В отличие от замполита, ординарец комбата Абросимов к нашим занятиям относился с великой подозрительностью. Косился, когда видел в моих руках какое-либо из наших пособий, допытывался:
– А кто разрешил вам немецкое читать? А где вам словарь выдали?
Наши шутливые разъяснения, что немецким занимаемся по приказу самого комбата, а словари купили за свои кровные, на Абросимова, как мы видели, должного впечатления не производили.
Как-то вечером, покончив с делами, я хотел было заняться немецким и полез за словарем в свой вещевой мешок, который висел в сенцах, где стояло мое ложе. Но в мешке, к моему удивлению, словаря не оказалось. Может быть, я положил его куда-то в другое место? Спросил хозяйку, ее дочек, не видели ли - нет, не видали.
– Может, из ваших заходил кто, как никого в доме не было, да взял? высказала предположение Ефросинья Ивановна. Зайти, разыскивая меня, конечно, мог кто-нибудь - например, присланный комбатом за мной Абросимов.

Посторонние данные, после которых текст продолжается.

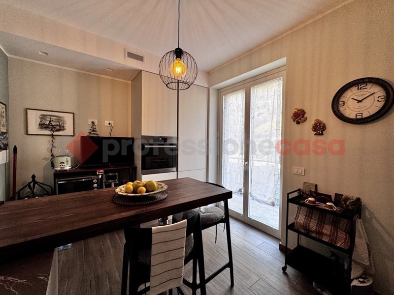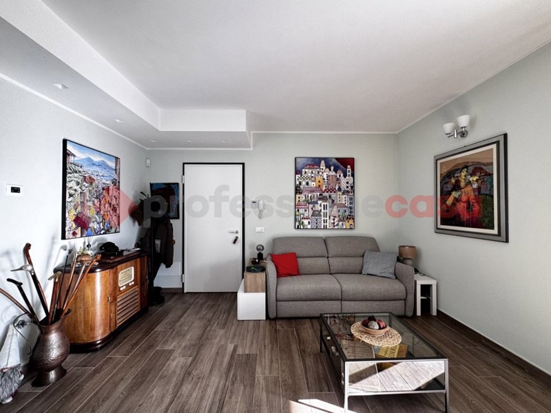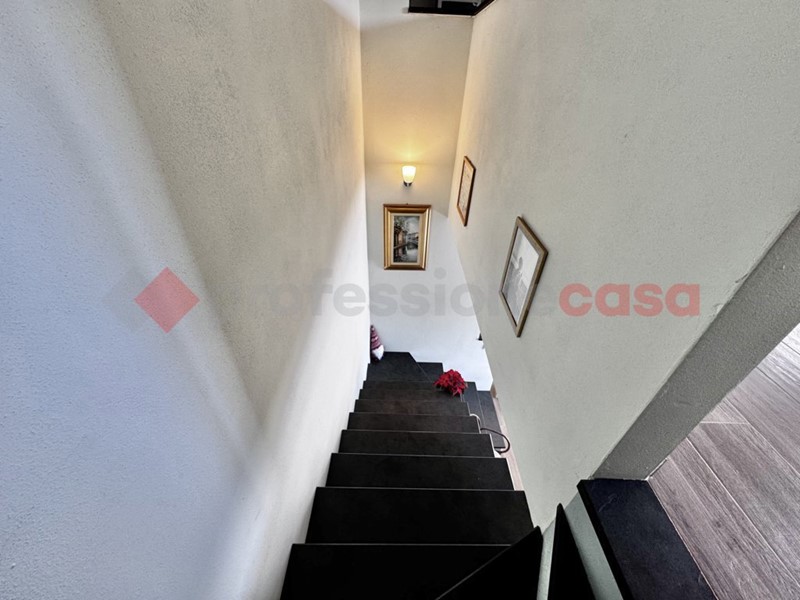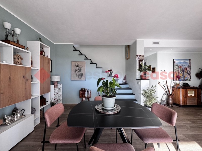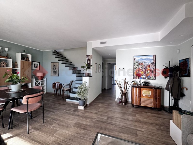 L'abitazione accoglie con un ampio e luminosissimo soggiorno, vero cuore della casa, impreziosito da una raffinata scala in ardesia che collega armoniosamente i due livelli. Dal soggiorno si accede a un grande terrazzo vivibile, perfetto per pranzi e cene all'aperto nella bella stagione.

Но кому может понадобиться словарь и зачем?
Так и пропал словарь.
Я поделился своей печалью с Рыкуном, и он ошарашил меня новостью: словарь исчез и у него.

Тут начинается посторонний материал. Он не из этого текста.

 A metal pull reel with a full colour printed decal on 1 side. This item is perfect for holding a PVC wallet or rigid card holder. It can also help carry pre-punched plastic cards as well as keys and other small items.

Мы ломали голову над таким совпадением, но объяснить его так и не смогли.
Через день или два Собченко, отведя меня в сторонку, так, чтобы никто не слышал, сказал шепотом:
– Пойдешь туда, где штаб полка, спросишь капитана Печенкина. Только не распространяйся, что к нему
– А кто такой Печенкин?
– Особый отдел!
– Но зачем я ему?
– А я знаю?
– Собченко пожал плечами.
– Сам бы хотел знать. Если вернешься - расскажешь.
Если?
– насторожился я.
– Значит, могу не вернуться? Но почему?
Грехов за собой я никаких не знал, но все же заволновался.
В штабе полка мне сказали, в каком доме могу найти Печенкина, и вот я остановился у таинственных для меня дверей. Оправил гимнастерку, постарался дышать ровнее и придать лицу спокойное выражение, постучался.
– Войдите!
– услышал я из-за двери и переступил порог.
Передо мной за столом сидел капитан в зеленой фуражке пограничника, перед ним лежали какие-то бумаги, в руке он держал ручку. Он вопрошающе посмотрел на меня. Я доложился.
– А!
– сказал капитан, и сдержанная улыбка скользнула по его губам.
– Вы действительно владеете немецким языком?
– Разговорной речью еще слабо, а со словарем переводить могу вполне. Только не очень быстро.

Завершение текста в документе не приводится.